== WHAT TO WORK ON ==
Hand back every line from the beginning of the data below through the line containing "Säljer en söt", word for word and free of pictures.
[Opening RECORDED DATA section]
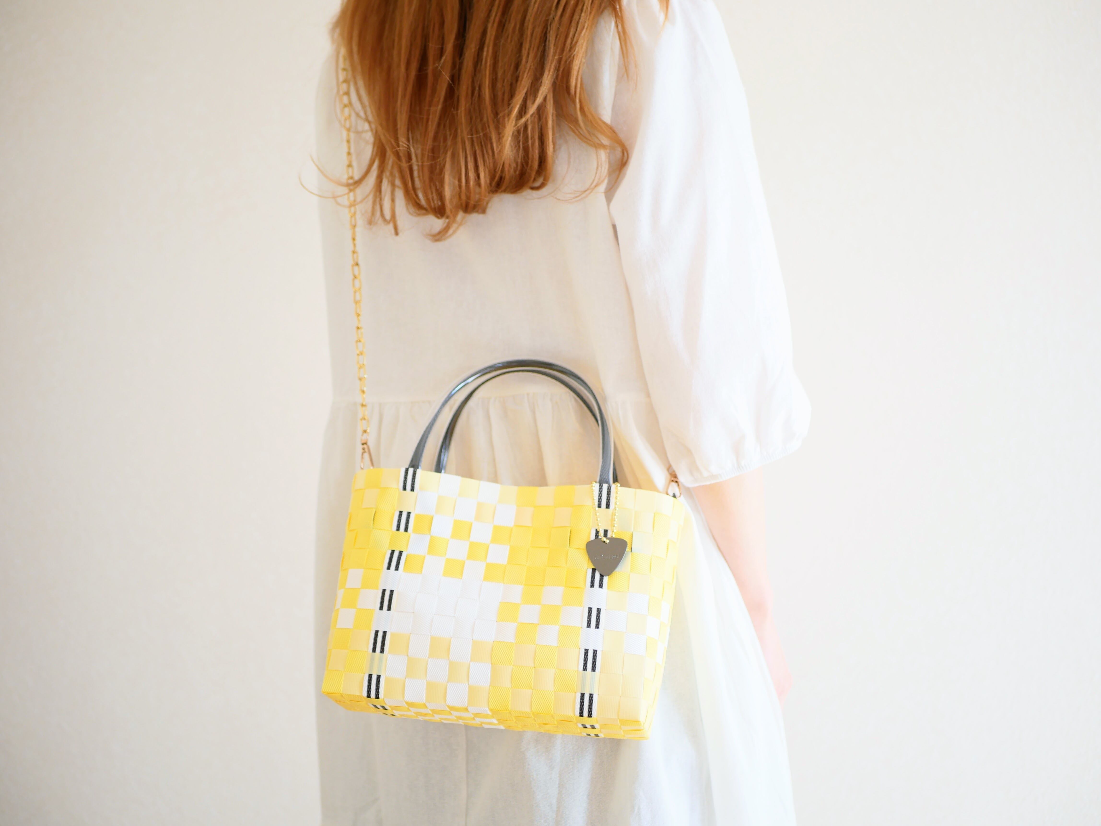 ポリプロピレンのバンドで編んだかごバッグ。水洗いOK。
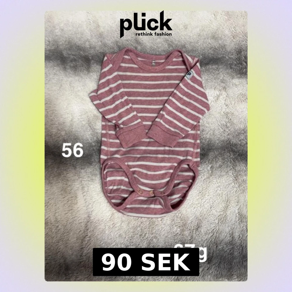 Säljer en söt långärmad body i rosa och vitt med randigt mönster. Bodyn har praktiska tryckknappar i grenen och mjukt material som känns skönt mot huden. Perfekt för små barn och enkel att ta på och av.🌸 Fint använt skick. Storlek 56
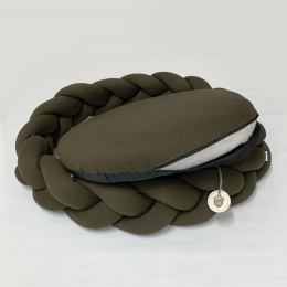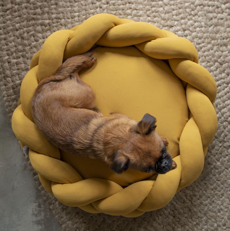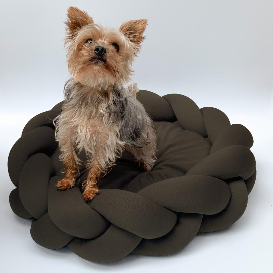 La cama trenza Binni está diseñada para gatos y perritos tamaño Mini hasta medianos como: Talla S diametro de 60 cm (Chiwawa, Pug, Boston Terrier, gatos) Talla M diametro de 70 cm (Bull Dog Frances, Beagle, Cocker Spaniel, Jack Russell Terrier) Talla M de 70X90 cm ( Border Collie, Pastor Australiano) Está fabricada en una tela elástica gruesa, rellena de algodón siliconado y el cojin central es relleno de espuma para cuidar su postura al descansar. Para la limpieza solo retiras el forro de cojín para lavar, y este junto con la trenza pueden ir a la lavadora en un ciclo suave.
[Closing RECORDED DATA section]
== TASK RESPONSE ==
 ポリプロピレンのバンドで編んだかごバッグ。水洗いOK。
 Säljer en söt långärmad body i rosa och vitt med randigt mönster. Bodyn har praktiska tryckknappar i grenen och mjukt material som känns skönt mot huden. Perfekt för små barn och enkel att ta på och av.🌸 Fint använt skick. Storlek 56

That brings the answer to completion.